39. An apparatus (400) according to claim 37 or 38, wherein, in a coordinate system, a first position and a second position are neighboured, if in each coordinate direction of the coordinate system, the first position immediately precedes or immediately succeeds the second position or is identical to the second position, and if in at least one coordinate direction of the coordinate system, the first position and the second position are different from each other.
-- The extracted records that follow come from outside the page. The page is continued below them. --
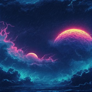 Galaktisk Himmel med Lyn og Planeter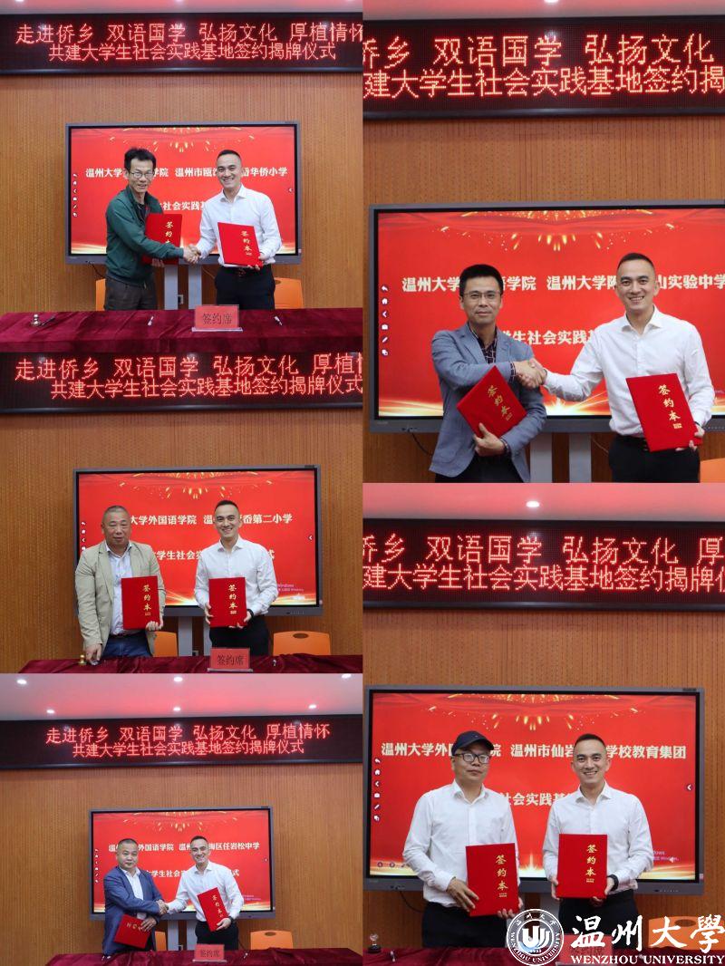 随后,外国语学院党委副书记陈勃代表银河 外国语学院分别与5所侨乡澳门银河官网 校长签订共建大学生社会实践基地协议。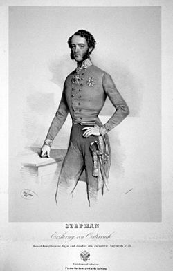 | Erzherzog Stephan von Österreich (1817-1867), Palatin von Ungarn | Eigenes Foto einer Originallithographie aus eigenem Besitz von Peter Geymayer ( Diskussion · Beiträge ) ursprünglich auf de.wikipedia hochgeladen (6. Juli 2008, 13:11). Der Dateiname war Stephan Erzherzog.jpg . | Josef Kriehuber / Nach Anton Einsle | Datei:Stephan Erzherzog.jpg |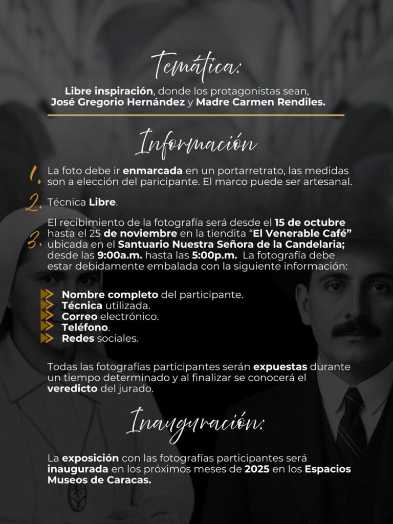 El Santuario Nuestra Señora de La Candelaria y la Fundación Museos de Caracas invitan a fotógrafos aficionados y profesionales a participar en el Concurso de Fotografía “San José Gregorio Hernández y Santa María Carmen Rendiles siempre cerca de todos”, una iniciativa cultural para honrar la vida y el legado de los dos primeros santos venezolanos, el “Médico de los Pobres” y la Fundadora de la Congregación Siervas de Jesús. Una oportunidad para capturar, a través del lente, la fe, la devoción y la cercanía de estos insignes venezolanos.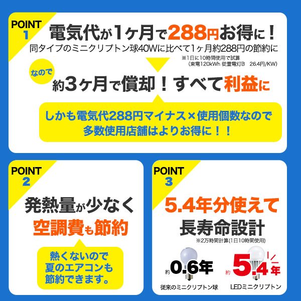 従来の同タイプ40Wミニクリプトン球から変更することで、電気代は1ヶ月で約288円もお得になります。約3ヶ月で償却でき、それ以降はすべて利益になります。(1kw=26.4円にて計算)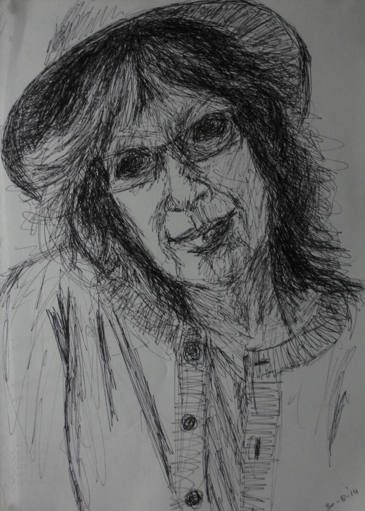 krabbelportretje met fineliner, i.h. kader v.d. FB Selfportrait Drawing Community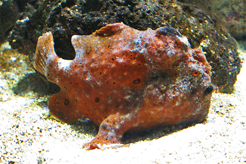 Der Commersons Anglerfisch (Fowlerichthys ocellatus) ernährt sich in freier Natur hauptsächlich von Fischen.
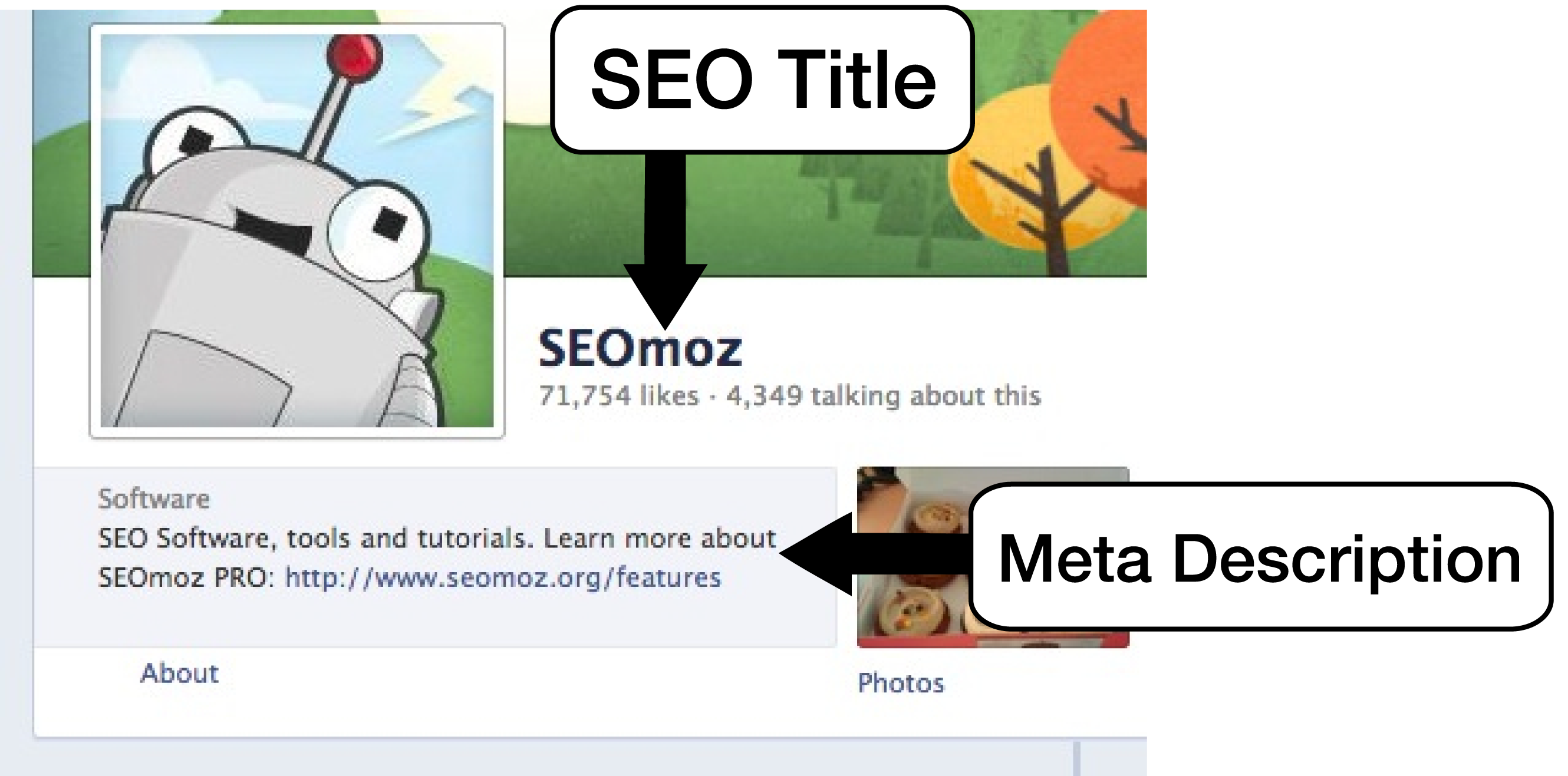 Just like traditional websites, keyword optimization is the most fundamental form of on-site SEO. The most important pieces to pay attention to are the About section, Mission, and Company Description, since these areas are actually pulled from your fan page as SEO elements.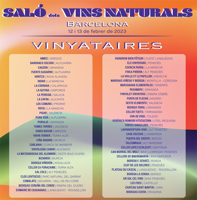 Pues ya se conoce qué viticultores presentarán sus vinos en el Salón de Vinos Naturales, bajo estas líneas podéis ver la lista y comprobaréis que habrá vinos naturales de distintas regiones españolas, como Alicante, Valencia, Terra Alta, Penedès, Bierzo, Ribera del Duero, La Mancha, Requena, Murcia… y también se podrán descubrir algunos vinos naturales franceses e italianos.
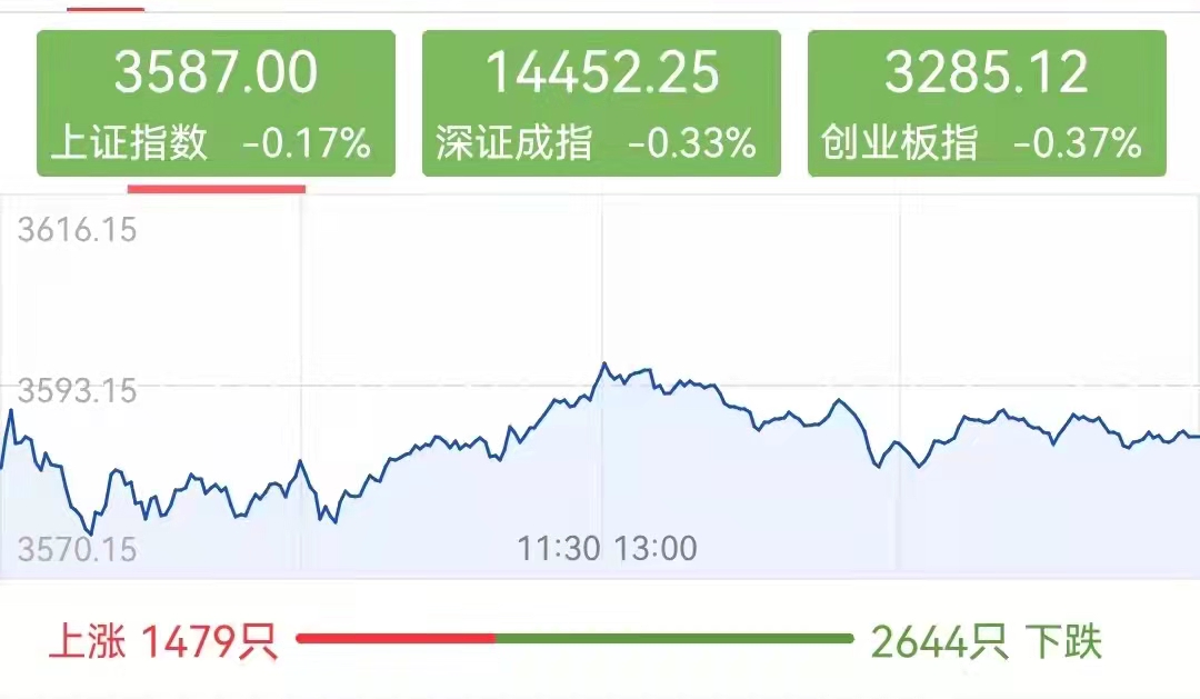 震蕩徘徊,成為周三A股市場走勢的主要特征。周三,三大指數(shù)震蕩走弱,截至收盤,上證指數(shù)微跌0.17%,報3587點,深證成指跌0.33%,報14452.25點,創(chuàng)業(yè)板指跌0.37%,報3285.12點;兩市合計成交額達(dá)10202億元,成交額突破1萬億元關(guān)口。北向資金凈買入40.79億元;總體來看,兩市個股跌多漲少。

40. An apparatus (400) according to one of claims 37 to 39, wherein the reflection information generator is configured in the redundancy operation mode to generate the indication such that the indication indicates one of the following: that the reflection information data exhibits the non-redundancy state, that the reflection information data exhibits a first redundancy state, so that the first listener position and the first source position shall be chosen, such that the first source position is identical with the second source position, and such that the first listener position is neighboured to the second listener position, wherein in a first coordinate direction of a coordinate system, the first listener position immediately precedes the second listener position, and wherein in a second coordinate direction and in a third coordinate direction of the coordinate system, the first listener position is identical with the second listener position, that the reflection information data exhibits a second redundancy state, so that the first listener position and the first source position shall be chosen, such that the first source position is identical with the second source position, and such that the first listener position is neighboured to the second listener position, wherein in the second coordinate direction of the coordinate system, the first listener position immediately precedes the second listener position, and wherein in the first coordinate direction and in the third coordinate direction of the coordinate system, the first listener position is identical with the second listener position, that the reflection information data exhibits a third redundancy state, so that the first listener position and the first source position shall be chosen, such that the first source position is identical with the second source position, and such that the first listener position is neighboured to the second listener position, wherein in the third coordinate direction of the coordinate system, the first listener position immediately precedes the second listener position, and wherein in the first coordinate direction and in the second coordinate direction of the coordinate system, the first listener position is identical with the second listener position.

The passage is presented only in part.